Однако что это за силуэт молодого мужчины, которого Призрачный Сверчок разместил рядом со скамеечкой Крохи и который во все время видения оставался там, сиротливо застывший, одинокий? Почему он все еще здесь, так близко от нее, стоит, опершись рукой о каминную доску? И почему повторяет: «Замуж! И не за меня?!»
О, Кроха! О, совершившая роковую ошибку Кроха! Нет для такой кривды места в видениях твоего супруга; так почему же злая тень упала на его очаг?
Вторая трель
Калеб Пламмер и его слепая дочь жили одни-одинешеньки — так пишут в сказках. О, как я благодарен книге этих волшебных историй — как и ты, мой читатель, хочу надеяться, — за то, что она расцвечивает этот серый мир, даря утешение и надежду. Так вот, Калеб Пламмер и его слепая дочь жили одни-одинешеньки в треснутой скорлупке ветхого деревянного домика, который, сказать по правде, был не более чем прыщиком на солидном кирпичном носу особняка Груббса и Тэклтона. Усадьба негоцианта считалась местной достопримечательностью, тогда как жилище Калеба Пламмера можно было бы разнести с пары ударов, побросать обломки в телегу, — и они бы все там поместились.
Если бы кто-нибудь оказал жилищу Калеба Пламмера честь заметить следы такого набега, он, безо всякого сомнения, одобрил бы получившийся итог. Ибо домик лепился к домищу Груббса и Тэклтона, как ракушки к корабельному днищу, как улитка к стене, как пучок поганок к большому трухлявому пню.
Однако именно этот домик был завязью, из которой вырос мощный ствол Груббса и Тэклтона: именно под его нелепой крышей предприятие Груббса прежде потихоньку мастерило игрушки для мальчиков и девочек — а те с ними играли, засыпали, — нынче состарившихся и засыпающих вечным сном.

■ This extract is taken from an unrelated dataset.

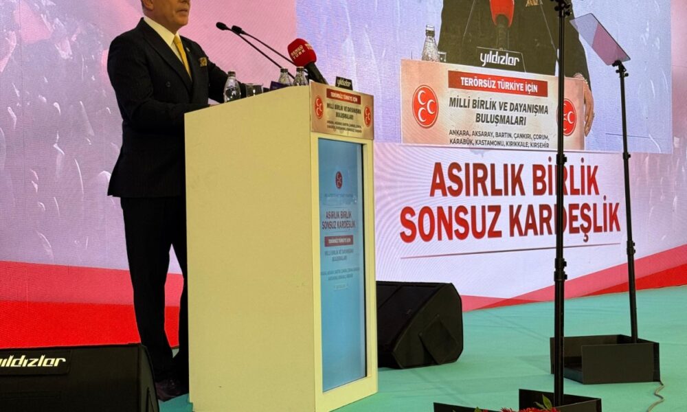 Ahmet Selim Yurdakul da terörsüz Türkiye sürecine ilişkin iki önemli konuya açıklık getirmek istediğini belirterek, “Birincisi; terörsüz Türkiye hedefinin hiçbir yerinde terör örgütüyle pazarlık, teröre verilmiş bir taviz kesinlikle yoktur. Milletimizden gizlenen hiçbir şey yoktur. İkincisi ise Anayasanın ilk dört maddesi, 42 ve 66ncı maddeleriyle ilgili hiçbir tartışma söz konusu bile değildir. Bizim meselemiz ayrılık değil, birliktir. Kavga değil, kucaklaşmadır. Milliyetçi Hareket Partisi olarak inanıyoruz ki Türküyle, Kürdüyle, Sünnisiyle, Alevisiyle, bu aziz millet, bir bütünün parçaları değil, bir kaderin ortaklarıdır. Yüzyıllardır omuz omuza verdiğimiz bu topraklarda, kimseye etnik kimliğiyle değil, insanlığıyla, vatan sevgisiyle, bayrak bağlılığıyla bakarız. İşte bu yüzden diyoruz ki toplumsal kucaklaşma sadece bir temenni değil, bu milletin geleceğe yürüyüş rotasıdır. Biz bin yıllık kardeşliğimizi siyaset üstü bir hakikat olarak görüyoruz. Bu kardeşliği yeniden diri tutmak, tazelemek ve milli ülküler etrafında kenetlenmek zorundayız. Çünkü ortak paydamız Türkiyedir. Çünkü bayrağımız birdir, vatanımız tektir, ülkümüz ise yüksektir. Bizi bölmek isteyenler, fitne tohumları ekenler bilsinler ki bu milletin mayasında kardeşlik vardır, bu milletin ufkunda birlikte yükselmek vardır. Biz bu kutlu yolda asla geri durmayacağız” diye konuştu.

Я сказал, что здесь жили Калеб и его слепая дочь? Мне следовало сказать, что здесь жил только Калеб, — а его бедная слепая дочь обитала совсем в другом месте: в доме, созданном чарами отца; там нет и следов убогости и нищеты, и на его порог никогда не ступала беда. Калеб вовсе не был чародеем, но в том единственном искусстве магии, которое нам еще осталось — в магии преданной, бессмертной любви — Природа даровала ему всесилье, и именно ее милосердным попечением происходили все чудеса.
Слепая девушка жила, не подозревая, что потолок выцвел, стены с осыпавшейся штукатуркой покрыты пятнами плесени, трещины день ото дня становятся все больше; что балки прогнили и просели. Она не подозревала, что все железо проржавело, дерево гниет, а обои отслоились; что весь дом словно усох. Ей никто не сказал, что посуда убога и стара, что в доме давно поселились печаль и уныние; что редкие волосы Калеба становятся белее и белее. Слепая девушка не подозревала, что у них есть хозяин — холодный, требовательный, равнодушный; она не знала, что Тэклтон был… словом, он был самим собой. Она жила в уверенности, что он просто эксцентричный старик, которому нравится над ними подшучивать; что он их добрый Ангел-хранитель, не желающий слышать и слова благодарности.
И все это — благодаря Калебу; все это благодаря ее простому бесхитростному отцу. В их доме за очагом тоже жил сверчок; и, слушая его трели, оставшийся со слепой малышкой на руках несчастный отец додумался — и гений места его воодушевил, — что даже утрата может стать едва ли не благословением и что даже такими малыми силами можно подарить счастье. Ведь все племя сверчков — добрые духи, из них происходят гении домашнего очага; и пусть об этом и не подозревают живущие под кровом люди (а такое часто случается), — в горнем мире нет голоса более нежного и чистого, голоса, дарующего столь искреннюю поддержку, надежду, а порой и добрый совет.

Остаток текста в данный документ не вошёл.